**ABOUT THIS TASK:** Within the entries below, please retype exactly the lines starting with the line that has "- Colour-coded boards" and going on through the line that has "Музей мировой погребальной", but not the pictures.

**LISTED RECORDS:**
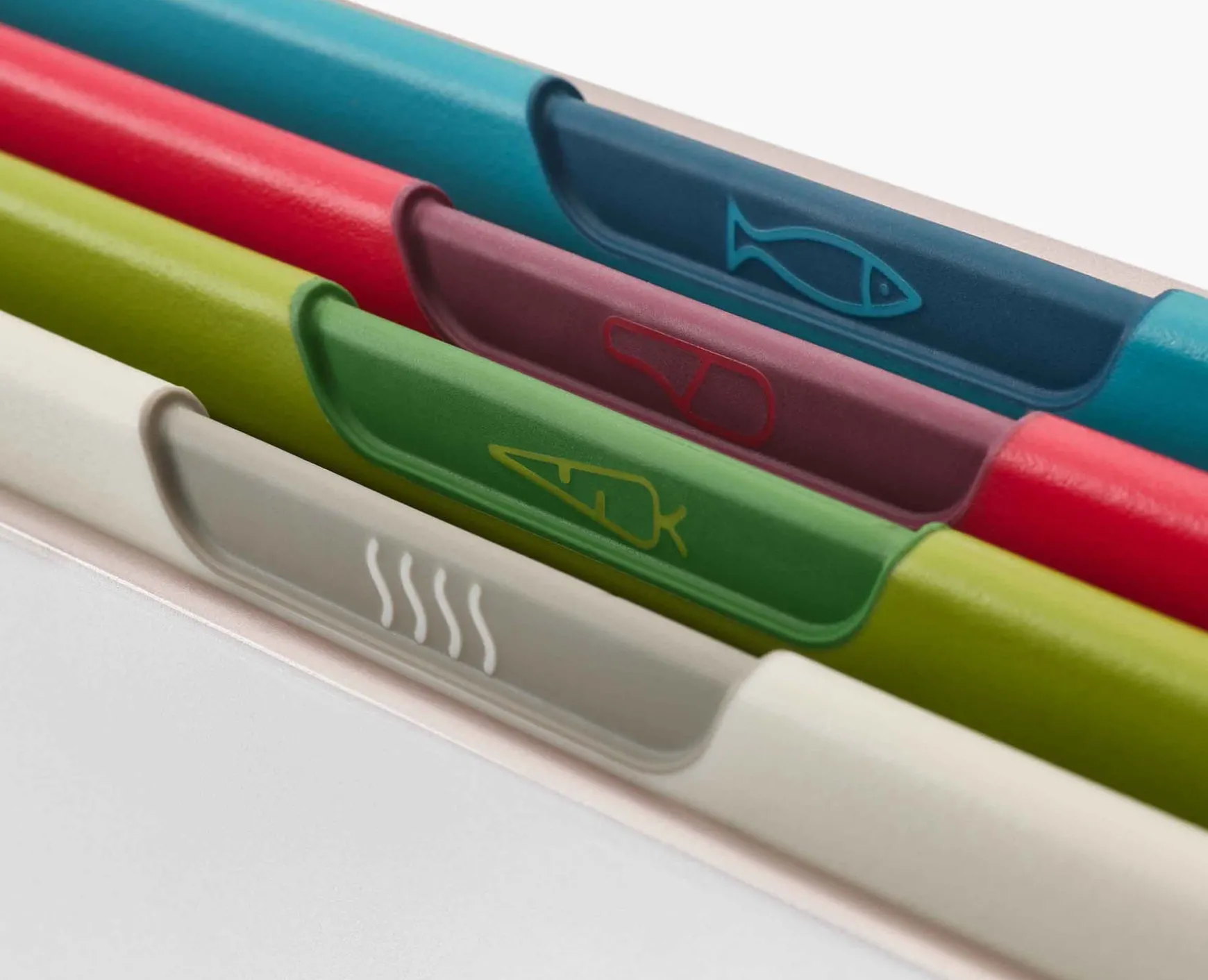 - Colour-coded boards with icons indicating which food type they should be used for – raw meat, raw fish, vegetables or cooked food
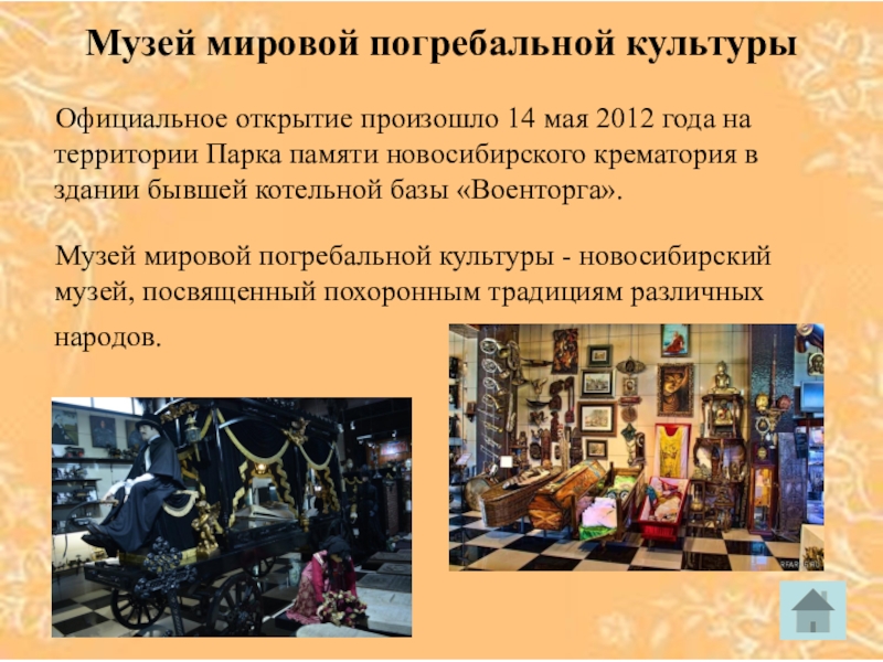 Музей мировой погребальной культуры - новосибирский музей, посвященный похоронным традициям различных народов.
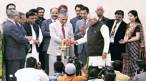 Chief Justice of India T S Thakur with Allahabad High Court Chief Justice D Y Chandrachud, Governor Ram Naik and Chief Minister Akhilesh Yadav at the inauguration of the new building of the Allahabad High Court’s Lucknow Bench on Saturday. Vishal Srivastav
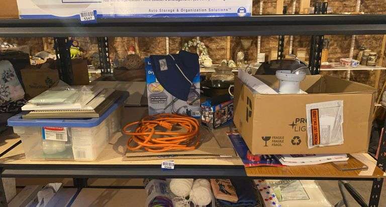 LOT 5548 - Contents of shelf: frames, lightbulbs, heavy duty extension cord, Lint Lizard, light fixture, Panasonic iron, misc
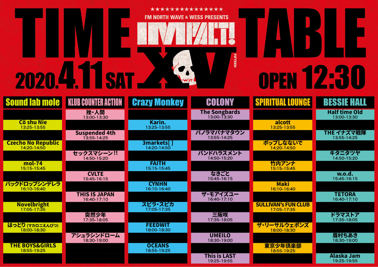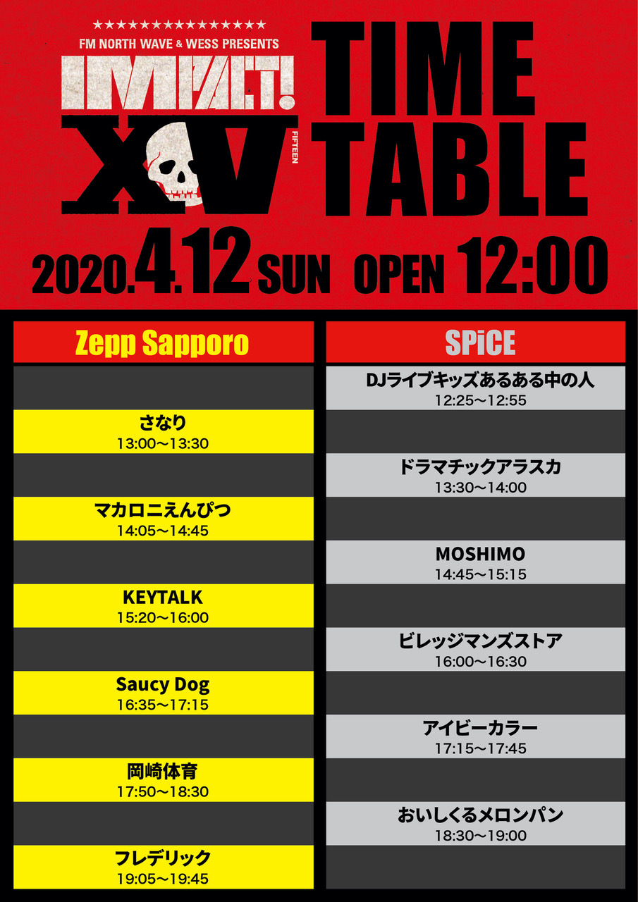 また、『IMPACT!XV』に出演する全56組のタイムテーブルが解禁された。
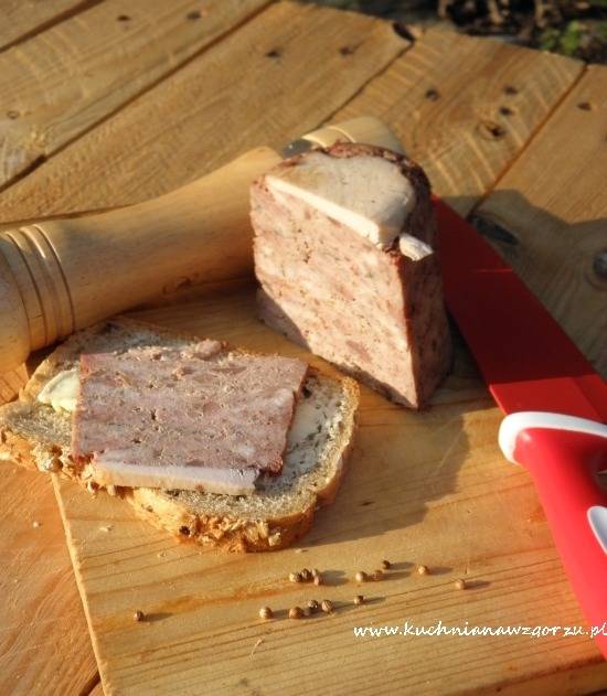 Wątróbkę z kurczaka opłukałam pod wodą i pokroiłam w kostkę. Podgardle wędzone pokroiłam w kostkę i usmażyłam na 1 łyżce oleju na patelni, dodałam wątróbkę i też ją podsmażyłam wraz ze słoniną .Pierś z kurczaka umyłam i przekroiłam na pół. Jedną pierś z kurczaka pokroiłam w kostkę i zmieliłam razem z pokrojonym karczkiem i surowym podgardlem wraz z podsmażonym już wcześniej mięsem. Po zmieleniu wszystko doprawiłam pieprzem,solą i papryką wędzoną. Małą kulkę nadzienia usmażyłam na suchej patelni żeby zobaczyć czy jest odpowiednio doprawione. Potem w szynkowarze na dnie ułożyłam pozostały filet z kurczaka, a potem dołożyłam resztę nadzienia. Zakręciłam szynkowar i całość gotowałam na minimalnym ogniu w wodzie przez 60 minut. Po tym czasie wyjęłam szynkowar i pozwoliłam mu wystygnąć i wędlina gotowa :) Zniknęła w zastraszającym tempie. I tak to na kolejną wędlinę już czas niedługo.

---

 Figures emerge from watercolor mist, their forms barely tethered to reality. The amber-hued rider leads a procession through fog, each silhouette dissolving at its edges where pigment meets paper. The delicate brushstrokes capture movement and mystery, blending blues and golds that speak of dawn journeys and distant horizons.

**OUTPUT FOR THIS EXERCISE:**
 - Colour-coded boards with icons indicating which food type they should be used for – raw meat, raw fish, vegetables or cooked food
 Музей мировой погребальной культуры - новосибирский музей, посвященный похоронным традициям различных народов.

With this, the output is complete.